Confusion about image->caption example
mtran14 opened this issue · 1 comments
mtran14 commented
Hello,
Thank you for creating a great repository. I'm new to x-transformers
and I'm a bit confused about the provided sample usage for image captioning:
import torch
from x_transformers import ViTransformerWrapper, TransformerWrapper, Encoder, Decoder
encoder = ViTransformerWrapper(
image_size = 256,
patch_size = 32,
attn_layers = Encoder(
dim = 512,
depth = 6,
heads = 8
)
)
decoder = TransformerWrapper(
num_tokens = 20000,
max_seq_len = 1024,
attn_layers = Decoder(
dim = 512,
depth = 6,
heads = 8,
cross_attend = True
)
)
img = torch.randn(1, 3, 256, 256)
caption = torch.randint(0, 20000, (1, 1024))
encoded = encoder(img, return_embeddings = True)

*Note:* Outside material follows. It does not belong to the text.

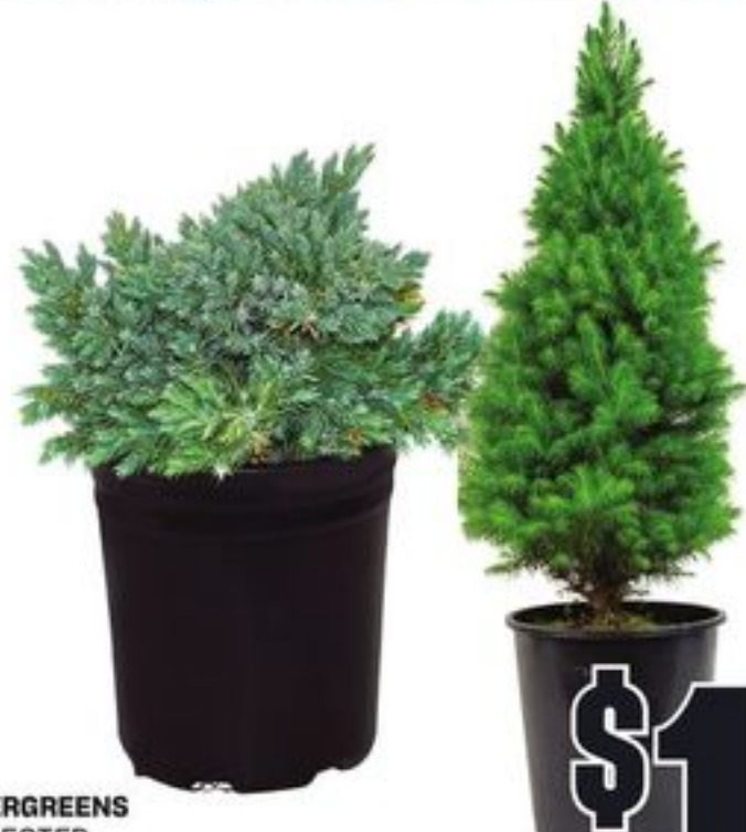
EVERGREENS SELECTED VARIETIES 1 GALLON 20020362_EA/21095156_EA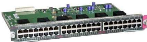
Figure 21. WS-X4548-GB-RJ45 Cisco Catalyst 4500 Enhanced 48-Port 10/100/1000 Module (RJ-45)

decoder(caption, context = encoded) # (1, 1024, 20000)
I suppose the code is for model training, where pairs of [img, caption]
is available.
- Why do we feed
caption
(our target predictions) into the decoder? Shouldn't thedecoder
only takeencoded
as input, and produce predictions forcaption
? - How should I use the trained model for inference, when only
img
is available (andcaption
is unknown/hidden)?
Thanks in advance!
mk-runner commented
I also have the same question, hoping to clarify it. Thank you!